The Mormon scriptures tell us “it becometh every man who hath been warned to warn his neighbor.” (D&C 88:81)

So why shouldn’t I warn my neighbors?

To be fair, I think most who tell me to leave well enough alone see what I say as destructive, not constructive. To them it seems that I am tearing down something good and dear to the believer. I see it differently. I must be completely honest about how I feel in order to show why I feel the need to warn my brothers and sisters.

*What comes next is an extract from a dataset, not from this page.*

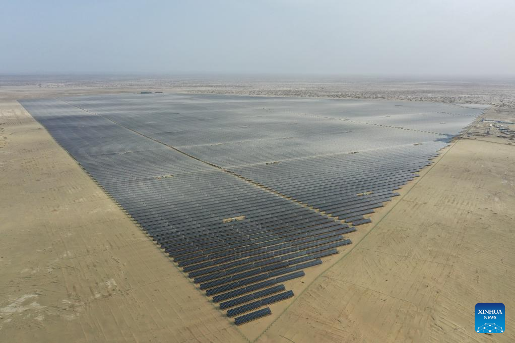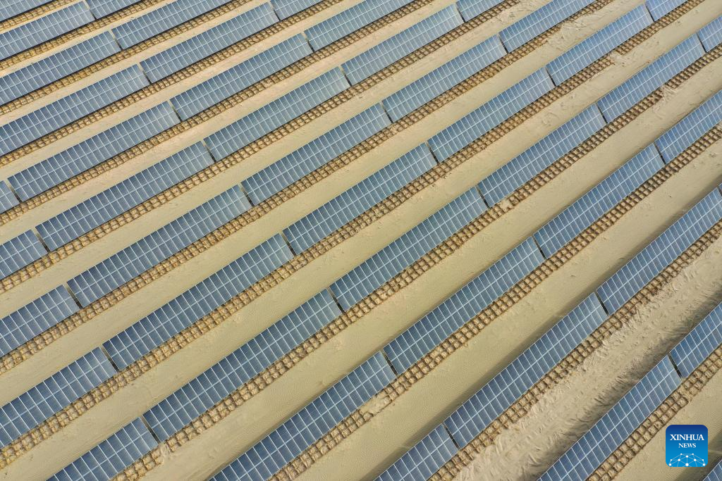 An aerial drone photo taken on April 13, 2025 shows a photovoltaic power project in Xayar County, Aksu Prefecture, northwest China's Xinjiang Uygur Autonomous Region.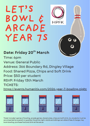 Please note: Ticket Includes 1 game of bowling, arcade games, shared pizza, chips and soft drink. ALL students must be accompanied by a parent or guardian the entire night. Adults and siblings can attend free of charge, and may book bowling and purchase food and drink at the venue.

Religion is a vapor of darkness which blinds our eyes and binds us down to the foolish traditions of our ancestors. It is a collection of the ideas of fallible men mingled with ancient scripture. It is a collection of half-truths and obfuscated wisdom which has outlived the peak of its usefulness. It feels good, so we don’t question its foundations. It is often the tool of the powerful to control the powerless, to lull them into complacency. Promises of rewards in heaven keep us from acting against the injustices in the only life we know that we have. It destroys our natural propensity to think and ask questions. It causes good people to do evil things. It diverts our energy and our resources from more useful efforts. Whatever benefits we derive from religion can be replaced by less destructive methods.

You may disagree, but if you try to step into my shoes for a moment, I think you’ll agree. If this is how I truly feel, then I would be a schmuck if I kept to myself.